Stress-reducing activities can help you avoid such outcomes. The changes in your lifestyle can include adjusting your schedule, being physically active, eating a balanced diet, and learning to cope with challenges.
Maintaining a healthy weight may become difficult when you’re stressed out. Stress can even impact your chances of losing weight.
This can be the result of high levels of cortisol. The rise in this hormone can cause higher insulin levels, which consequently causes blood sugar drops. The drop in blood sugar leads to craving fatty, sugary foods. Even if you avoid eating sugary and other unhealthy foods, high levels of cortisol can slow down your metabolism.
In addition to hormonal changes, stress can also cause you to engage in various unhealthy behaviors such as emotional eating, eating fast food (lack of motivation to prep and cook), skipping meals, and exercising less.

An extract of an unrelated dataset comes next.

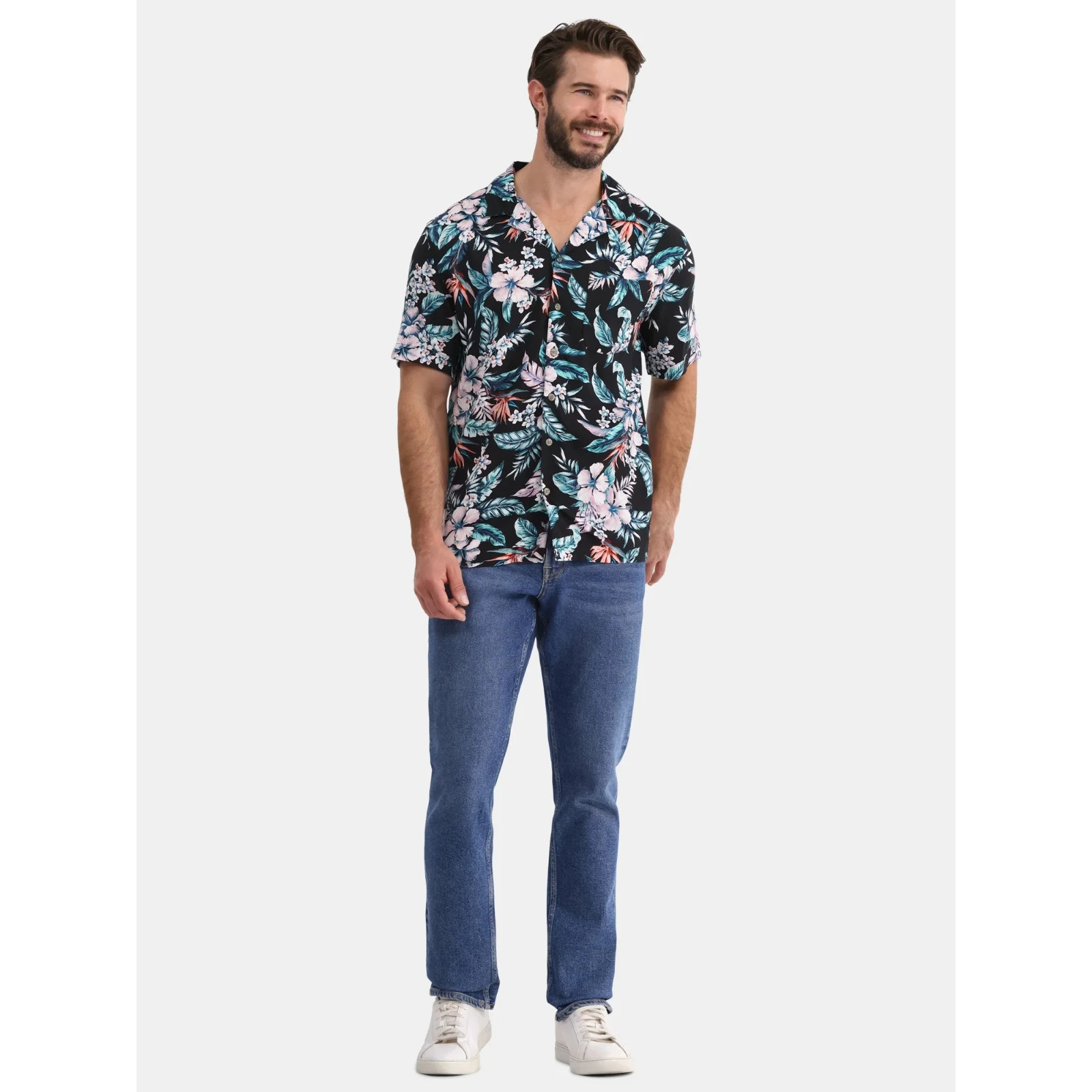 George Men's Men?s Camp Shirt, Black Soot Floral Size M(38-40)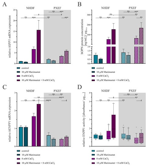 Evaluation of the calcification status in human fibroblasts concerning separate or combined treatment with 10 µM Marimastat and 8 mM CaCl2 for 21 days. The NHDFs (n = 3) and PXEFs (n = 3, grey highlighted) were kept under the conditions specified for 21 days. (A) Relative hSPP1 mRNA gene expression measured by RT-qPCR and (B) hOPN concentration in cell culture supernatant determined by ELISA and normalized to the DNA content in the cell layer. (C) Relative hENPP1 mRNA expression assessed by RT-qPCR and (D) ENPP1 activity in the cell culture supernatant normalized to the DNA content in the cell layer. (A–C) Data are shown as mean ± SEM or (D) as mean and boxes marking the 10–90 percentile. Mann–Whitney U test significance levels: not significant (ns), p < 0.05 (*), p < 0.001 (**), p < 0.001 (***), p < 0.0001 (****).

Weakening the Immune System
Do you know how we like to say ‘worried sick’? This hyperbolic phrase dates back to the 1800s, and it is used to describe extreme anxiety accompanied by physical symptoms such as headaches, unexplained pain, stomachache, and sometimes even fever. But stress can also make you more susceptible to other health issues.
When cortisol levels stay elevated for too long, your immune system suffers. This state can even damage the body’s cells and elevate inflammation, which increases the risk of viruses and infections.
We’ve already mentioned an uneasy feeling in the stomach as a symptom of stress. There’s a strong connection between our brain and our digestive system.
When we are stressed, our fight-or-flight response prepares the body to protect us by conserving non-essential functions, such as digestion. This can lead to heartburn, stomachache, nausea, and indigestion. Also, stress can trigger increased motor function in the large intestine, causing diarrhea or bowel urgency.
When the stress is chronic, these digestive problems become chronic too. While stress can’t be the cause of diseases such as inflammatory bowel disease, it can intensify their symptoms.
Last but not least, stress leaves a mark on your skin. The infamous cortisol causes the hypothalamus in your brain to produce another hormone — corticotropin-releasing hormone (CRH). This hormone stimulates excessive oil production, which can clog your pores, resulting in acne.
Furthermore, puffiness or swelling under the eyelids is another visible consequence of stress. This happens because of sleep deprivation caused by stress. Other visible manifestations of stress are dry skin, rashes, sore lips, and wrinkles. Finally, stress can literally make your hair go gray and disrupt your hair’s growth cycle.
Stress doesn’t have to ruin your health. If you decide to face it seriously, you can prevent the consequences. Slow down, take a deep breath, and take the time to learn about stress management tactics. Lastly, do your best to embrace some positive habits that will help you lead a healthier, more stress-free lifestyle.